[PROBLEM TO SOLVE]
Please output the full listing, character for character.
───── PROVIDED RECORDS ─────
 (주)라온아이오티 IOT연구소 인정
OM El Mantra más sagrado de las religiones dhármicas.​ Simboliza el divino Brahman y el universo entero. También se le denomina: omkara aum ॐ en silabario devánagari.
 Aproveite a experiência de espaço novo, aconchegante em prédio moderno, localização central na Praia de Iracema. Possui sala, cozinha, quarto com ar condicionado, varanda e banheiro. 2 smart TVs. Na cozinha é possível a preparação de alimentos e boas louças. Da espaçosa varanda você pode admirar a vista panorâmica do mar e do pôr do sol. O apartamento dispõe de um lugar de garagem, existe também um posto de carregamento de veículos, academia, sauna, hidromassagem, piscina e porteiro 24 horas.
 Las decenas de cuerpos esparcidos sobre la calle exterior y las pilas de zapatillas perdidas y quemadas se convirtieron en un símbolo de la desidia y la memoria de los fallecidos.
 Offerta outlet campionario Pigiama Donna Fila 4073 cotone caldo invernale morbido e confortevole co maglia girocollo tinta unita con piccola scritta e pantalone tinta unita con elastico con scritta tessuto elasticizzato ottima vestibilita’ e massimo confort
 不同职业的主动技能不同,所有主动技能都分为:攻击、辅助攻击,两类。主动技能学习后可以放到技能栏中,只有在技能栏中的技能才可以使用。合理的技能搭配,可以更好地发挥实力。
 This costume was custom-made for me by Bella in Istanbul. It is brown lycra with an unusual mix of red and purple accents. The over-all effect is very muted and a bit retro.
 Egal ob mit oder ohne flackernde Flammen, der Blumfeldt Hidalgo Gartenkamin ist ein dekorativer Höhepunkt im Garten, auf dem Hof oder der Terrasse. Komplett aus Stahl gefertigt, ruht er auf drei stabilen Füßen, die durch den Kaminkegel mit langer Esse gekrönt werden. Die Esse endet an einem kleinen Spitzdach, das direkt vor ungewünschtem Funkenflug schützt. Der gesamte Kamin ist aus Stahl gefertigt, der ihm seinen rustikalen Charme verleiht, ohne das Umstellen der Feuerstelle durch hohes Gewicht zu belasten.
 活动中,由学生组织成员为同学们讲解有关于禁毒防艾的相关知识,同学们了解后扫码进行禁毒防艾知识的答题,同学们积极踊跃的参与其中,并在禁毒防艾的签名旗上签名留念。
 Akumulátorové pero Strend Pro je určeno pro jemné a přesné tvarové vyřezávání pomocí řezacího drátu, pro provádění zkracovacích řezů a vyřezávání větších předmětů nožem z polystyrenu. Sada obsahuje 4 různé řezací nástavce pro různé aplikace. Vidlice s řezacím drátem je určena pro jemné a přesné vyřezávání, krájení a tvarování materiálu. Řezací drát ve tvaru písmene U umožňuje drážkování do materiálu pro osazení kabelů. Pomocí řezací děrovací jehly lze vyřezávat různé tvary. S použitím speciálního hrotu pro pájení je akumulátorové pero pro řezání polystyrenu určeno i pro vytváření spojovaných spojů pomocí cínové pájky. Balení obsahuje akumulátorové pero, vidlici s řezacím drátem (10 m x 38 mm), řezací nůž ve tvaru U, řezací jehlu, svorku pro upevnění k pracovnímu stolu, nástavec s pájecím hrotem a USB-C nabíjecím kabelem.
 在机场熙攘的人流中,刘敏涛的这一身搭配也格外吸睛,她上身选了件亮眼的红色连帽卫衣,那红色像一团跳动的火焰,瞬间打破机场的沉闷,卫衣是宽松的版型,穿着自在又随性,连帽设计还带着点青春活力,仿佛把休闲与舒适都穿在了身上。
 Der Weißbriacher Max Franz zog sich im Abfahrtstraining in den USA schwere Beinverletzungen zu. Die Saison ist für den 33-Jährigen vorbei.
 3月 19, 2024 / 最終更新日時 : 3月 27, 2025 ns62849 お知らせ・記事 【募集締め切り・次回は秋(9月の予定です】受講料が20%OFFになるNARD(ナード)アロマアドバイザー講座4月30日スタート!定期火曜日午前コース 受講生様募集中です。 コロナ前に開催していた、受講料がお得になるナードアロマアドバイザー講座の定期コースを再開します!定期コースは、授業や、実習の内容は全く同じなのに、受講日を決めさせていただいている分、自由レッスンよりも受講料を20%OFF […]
─────
[RESPONSE FOR THIS EXERCISE]
 (주)라온아이오티 IOT연구소 인정
OM El Mantra más sagrado de las religiones dhármicas.​ Simboliza el divino Brahman y el universo entero. También se le denomina: omkara aum ॐ en silabario devánagari.
 Aproveite a experiência de espaço novo, aconchegante em prédio moderno, localização central na Praia de Iracema. Possui sala, cozinha, quarto com ar condicionado, varanda e banheiro. 2 smart TVs. Na cozinha é possível a preparação de alimentos e boas louças. Da espaçosa varanda você pode admirar a vista panorâmica do mar e do pôr do sol. O apartamento dispõe de um lugar de garagem, existe também um posto de carregamento de veículos, academia, sauna, hidromassagem, piscina e porteiro 24 horas.
 Las decenas de cuerpos esparcidos sobre la calle exterior y las pilas de zapatillas perdidas y quemadas se convirtieron en un símbolo de la desidia y la memoria de los fallecidos.
 Offerta outlet campionario Pigiama Donna Fila 4073 cotone caldo invernale morbido e confortevole co maglia girocollo tinta unita con piccola scritta e pantalone tinta unita con elastico con scritta tessuto elasticizzato ottima vestibilita’ e massimo confort
 不同职业的主动技能不同,所有主动技能都分为:攻击、辅助攻击,两类。主动技能学习后可以放到技能栏中,只有在技能栏中的技能才可以使用。合理的技能搭配,可以更好地发挥实力。
 This costume was custom-made for me by Bella in Istanbul. It is brown lycra with an unusual mix of red and purple accents. The over-all effect is very muted and a bit retro.
 Egal ob mit oder ohne flackernde Flammen, der Blumfeldt Hidalgo Gartenkamin ist ein dekorativer Höhepunkt im Garten, auf dem Hof oder der Terrasse. Komplett aus Stahl gefertigt, ruht er auf drei stabilen Füßen, die durch den Kaminkegel mit langer Esse gekrönt werden. Die Esse endet an einem kleinen Spitzdach, das direkt vor ungewünschtem Funkenflug schützt. Der gesamte Kamin ist aus Stahl gefertigt, der ihm seinen rustikalen Charme verleiht, ohne das Umstellen der Feuerstelle durch hohes Gewicht zu belasten.
 活动中,由学生组织成员为同学们讲解有关于禁毒防艾的相关知识,同学们了解后扫码进行禁毒防艾知识的答题,同学们积极踊跃的参与其中,并在禁毒防艾的签名旗上签名留念。
 Akumulátorové pero Strend Pro je určeno pro jemné a přesné tvarové vyřezávání pomocí řezacího drátu, pro provádění zkracovacích řezů a vyřezávání větších předmětů nožem z polystyrenu. Sada obsahuje 4 různé řezací nástavce pro různé aplikace. Vidlice s řezacím drátem je určena pro jemné a přesné vyřezávání, krájení a tvarování materiálu. Řezací drát ve tvaru písmene U umožňuje drážkování do materiálu pro osazení kabelů. Pomocí řezací děrovací jehly lze vyřezávat různé tvary. S použitím speciálního hrotu pro pájení je akumulátorové pero pro řezání polystyrenu určeno i pro vytváření spojovaných spojů pomocí cínové pájky. Balení obsahuje akumulátorové pero, vidlici s řezacím drátem (10 m x 38 mm), řezací nůž ve tvaru U, řezací jehlu, svorku pro upevnění k pracovnímu stolu, nástavec s pájecím hrotem a USB-C nabíjecím kabelem.
 在机场熙攘的人流中,刘敏涛的这一身搭配也格外吸睛,她上身选了件亮眼的红色连帽卫衣,那红色像一团跳动的火焰,瞬间打破机场的沉闷,卫衣是宽松的版型,穿着自在又随性,连帽设计还带着点青春活力,仿佛把休闲与舒适都穿在了身上。
 Der Weißbriacher Max Franz zog sich im Abfahrtstraining in den USA schwere Beinverletzungen zu. Die Saison ist für den 33-Jährigen vorbei.
 3月 19, 2024 / 最終更新日時 : 3月 27, 2025 ns62849 お知らせ・記事 【募集締め切り・次回は秋(9月の予定です】受講料が20%OFFになるNARD(ナード)アロマアドバイザー講座4月30日スタート!定期火曜日午前コース 受講生様募集中です。 コロナ前に開催していた、受講料がお得になるナードアロマアドバイザー講座の定期コースを再開します!定期コースは、授業や、実習の内容は全く同じなのに、受講日を決めさせていただいている分、自由レッスンよりも受講料を20%OFF […]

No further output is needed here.